Elsevier

Brain and Cognition

Volume 86, April 2014, Pages 75-81
Brain and Cognition

Unraveling Brain Functional Connectivity of encoding and retrieval in the context of education

https://doi.org/10.1016/j.bandc.2014.01.018Get rights and content

Highlights

  • Negative correlation of default mode network (DMN) with encoding and retrieval.

  • Inhibition of DMN was more in CE for both encoding and retrieval.

  • Associative brain areas for retrieval are greater than encoding.

  • Dorso-lateral pre frontal region (DLPFR) related with encoding and retrieval.
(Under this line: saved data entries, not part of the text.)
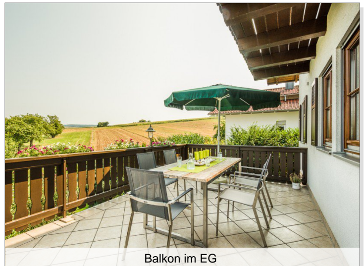
Balkon im EG
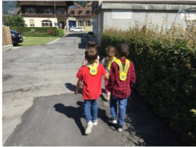
Die Kinder kommen zu Fuss in den Kindergarten. Dabei tragen sie den Leuchtgurt.
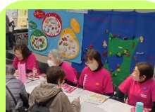
青森市食生活 改善推進会様
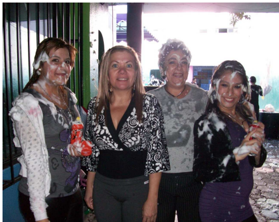
20. Maestros en actividades escolares que motivan una buena interacción.

4.5. La promoción de concursos áulicos que fomenten el respeto entre la comunidad estudiantil.
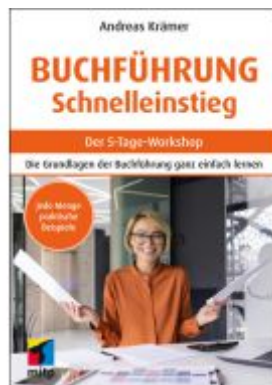
Buchführung Schnelleinstieg Ladenpreis: 17,50EUR
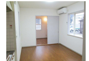
光回線・WiFi インターネット無料。

※この図面はATBBの物件情報の一部を抜粋して掲載しております。（現況優先）※入居日・引渡日変更や付帯条件、別途料金が発生する場合がありますのでご確認ください。
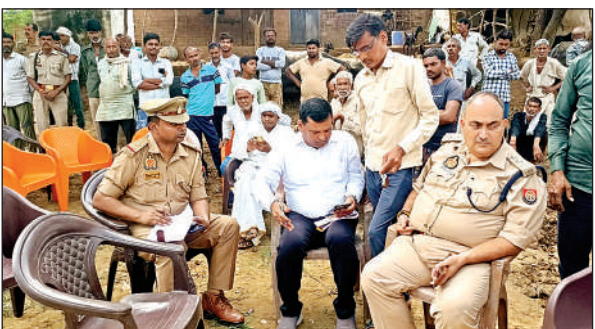
घटना की सूचना पर पहुंचे एसडीएम, सीओ व अन्य अधिकारी।
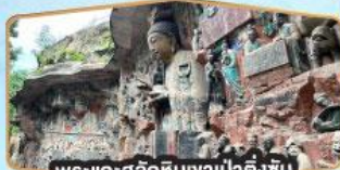
พระแกะสลักหินงาป่าตึงซัน
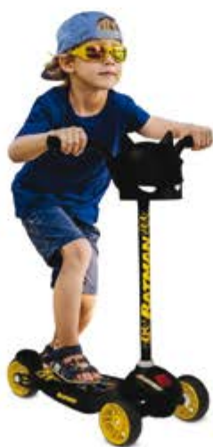
PATINETE SKATENET BATMAN
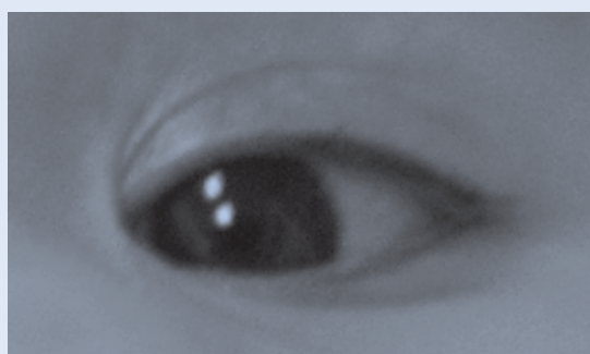
Slika 3. Primjer minor anomalije – epikantus Figure 3. Example of minor anomaly – epicanthic fold
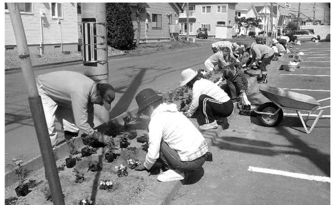
昨年度の花壇造成
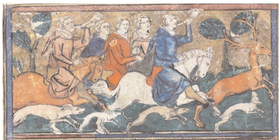
4 Petit Artus de Bretagne, enluminé par le Maître de Fauvel, 1 er tiers du XIV e s, Paris
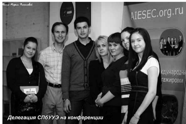
Делегация СПбУЭ на конференции

III Всероссийская конференция по альтернативной рекламе AdBreaker состоялась 19 мая по адресу Курляндская, 49. Студенты 1 и 2 курса специальности «Связи с общественностью» в сопровождении доцента Н.Г. Пряхина представляли на данном мероприятии наш Университет.

  • Education influences performance and functional brain connectivity.

Abstract

Human memory is an enigmatic component of cognition which many researchers have attempted to comprehend. Accumulating studies on functional connectivity see brain as a complex dynamic unit with positively and negatively correlated networks in perfect coherence during a task. We aimed to examine coherence of network connectivity during visual memory encoding and retrieval in the context of education. School Educated (SE) and College Educated (CE) healthy volunteers (n = 60) were recruited and assessed for visual encoding and retrieval. Functional connectivity using seed to voxel based connectivity analysis of the posterior cingulate cortex (PCC) was evaluated. We noticed that there were reciprocal dynamic changes in both dorsolateral prefrontal cortex (DLPFC) region and PCC regions during working memory encoding and retrieval. In agreement with the previous studies, there were more positively correlated regions during retrieval compared to encoding. The default mode network (DMN) networks showed greater negative correlations during more attentive task of visual encoding. In tune with the recent studies on cognitive reserve we also found that number of years of education was a significant factor influencing working memory connectivity. SE had higher positive correlation to DLPFC region and lower negative correlation to DMN in comparison with CE during encoding and retrieval.

Introduction

The importance of memory cannot be understated since our very survival depends on our ability to remember who we are, who others are, our past experiences, what is dangerous, what is safe, etc. Atkinson–Shiffrin model (Bjork & Whitten, 1974) remains the most popular model for studying memory which describes memory as a sequence of three stages, from sensory to short-term to long term memory, rather than as a unitary process. All aspects of memory, can be viewed as the activation of network memory, that is, the increased firing of the cortical neurons making up a memory network (Joaquı́n M. Fuster, 1997). Networks remain open-ended throughout life, subject to expansion and recombination by new experience. The networks of perceptual and motor memory appear hierarchically organized on a foundation of phyletic memory-that is, primary sensory and motor cortex (Joaquı́n M. Fuster, 1997). Short-term memory is represented in a network involving the prefrontal and posterior sensory cortices. The prefrontal cortex controls subsidiary posterior cortices, enabling retention of short-lived information relevant to ongoing goal-directed behavior. Long-term declarative memory is also represented in the cerebral cortex in a domain-specific fashion. For instance, in the inferior temporal cortex, which is involved in object recognition, some neurons encode stimulus repetition, while others learn to encode an elemental semantic-like association between visual images. (T. Fukushima, 2003). The process of encoding varies with the levels of shallow and deep processing (Craik & Tulving, 1975). The retrieval is influenced by cues, encoding specificity, state-dependent learning and transfer-appropriate processing. Neurobiology of memory involves connection, cognition, compartmentalization, and consolidation (Milner, Squire, and Kandel, 1998; Eichenbaum, 2011).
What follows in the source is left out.